Dear Senators Udall and Bennett,
I am contacting you to urge you in the strongest possible way to oppose the current "stimulus" bill or anything vaguely resembling it.
The bill will not stimulate the economy. It will saddle my 3-year old daughter and 1-year old son with an even higher mountain of debt for the rest of their lives.
You and I would probably not agree on much in terms of economic policy. You probably enjoy the idea of the permanent enlargement of government which is the clear primary goal of this bill, despite it's "stimulus" cover story.
But at a time of national economic crisis, you have a duty to Colorado and the nation to act in good faith for the economy and not for the benefit of your party, unions, or favored liberal industries and interest groups.
If you want to support all those things, do it later, in the clear and politically disinfecting light of day, not under cover of a so-called "stimulus" bill and during a time of substantial confusion among the electorate.
At the end of the day, supporting this bill by claiming it is "stimulus" is dishonest. And while I may not agree with you gentlemen frequently on policy matters, I do think you are honest men (all prejudices against politicians aside.)

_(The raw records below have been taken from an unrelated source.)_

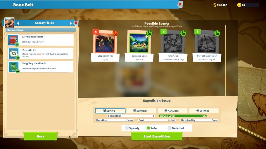 However, you cannot obtain these exhibits by looking at a glossy catalogue and choosing what you want. Instead, you’ll have to get them the old-fashioned way by grabbing them yourself. To do this, you’ll have to send out staff members to find the exhibits in expeditions. To begin this operation, you’ll need to access the museum’s business helicopter (let’s put aside concerns about carbon footprints, as there are incredible wonders to discover). You can then assemble your dream Indiana Jones team to explore the wilderness. Think of it like an effective team scouting system.
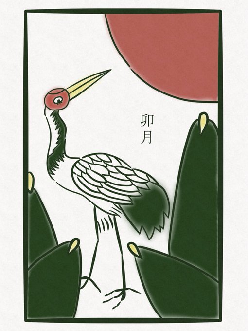 「あのよろし」花札 赤短 2月、如月、February 梅に鶯ではなく赤短、描いてみました✌︎ #ゆるイラスト #オリジナルイラスト #2月も仲良くしてくれる人いいね #2月1日 #イラスト好きな人と繋がりたい #絵描きさんと繋がりたい #冬の創作クラスタフォロー祭り
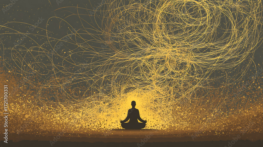 Conceptual psychology art of meditating figure radiating golden light while surrounded by swirling chaos symbolizing mindfulness calm mind and meditation therapy clean abstract illustration no text #1721700331
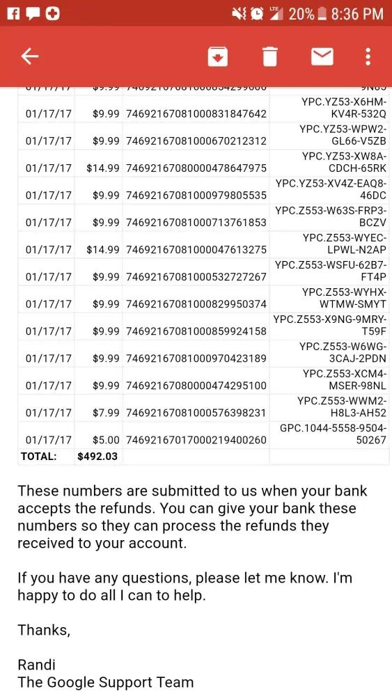 1-17-17 google charged my card $992. Google entered into a contract with me to return these funds. My bank was also on the phone and they say it is VISA policy they can no longer handle the issue once google took it over. 1-21 $492 was refunded to my account. There was ONE charge that was $500 that was never refunded. I called back the 21st and they told me it would show up within the 10 business days. It didn't so i called back. They confirmed again and said it would be 10 days. It has been a 10 day cycle since jan. In may tbey told me they couldnt help bc it had been over 120 days. NOT my fault. They keep telling me to contact my bank and i have told them at least 20 times my bank will not handle it bc visa policy states it is solely googles obligation since they promised to return my funds. Some reps tell me its refunded and check back in 10 days. Some reps tell me they can't refund it. Some reps tell me i cant recieve these funds bc of the time limit. Some reps tell me they can not find it in their system and apologize. I have been hung up on and laughed at. I have been ignored for MONTHS! Idk what to do honestly. I'll include pictures of what my most recent rep sent me. It is confirmation of ONLY $492. I will also include a picture of the one $500 charge. Just that one charge alone is more than all of the refunds google gave me combined. This whole mess is insane. I haven't had a competent representative yet.
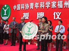 中國科協(xié)青年科學(xué)家福州活動基地二十三日舉行隆重的授牌儀式。中共中央委員、中國科協(xié)副主席張玉臺(前左一)宣布“福州基地”成立,并與中共市委副書記雷春美(右一)共同向“福州基地”授牌!案V莼亍笔侵袊茀f(xié)在全國設(shè)立的第二個青年科學(xué)家活動基地,旨在為海峽兩岸青年科學(xué)家搭起科技交流、合作的新平臺。中新社記者:劉可耕

On a purely political note, I believe any rational economist (which means not Robert Reich or Paul Krugman) will tell you that this bill is simply burning money, at least in economic terms. (I realize that it may buy a lot of votes in political terms.) When it fails, at it must, to stimulate the economy, the Democrats' losses will reverse most or all of your gains in the last two elections, particularly if the Senate Republicans are smart enough to leave Senate Democrats holding the bag as the House Republicans did to Nancy Pelosi and friends. (Sadly, I don't think Senate Republicans are as smart as House Republicans.)
For the sake of my children's economic future, and in order to maintain some hope that they can reach a higher standard of living than I have, just as we reached higher than our parents, I urge you to oppose S. 1 and anything like it that might come out of a conference.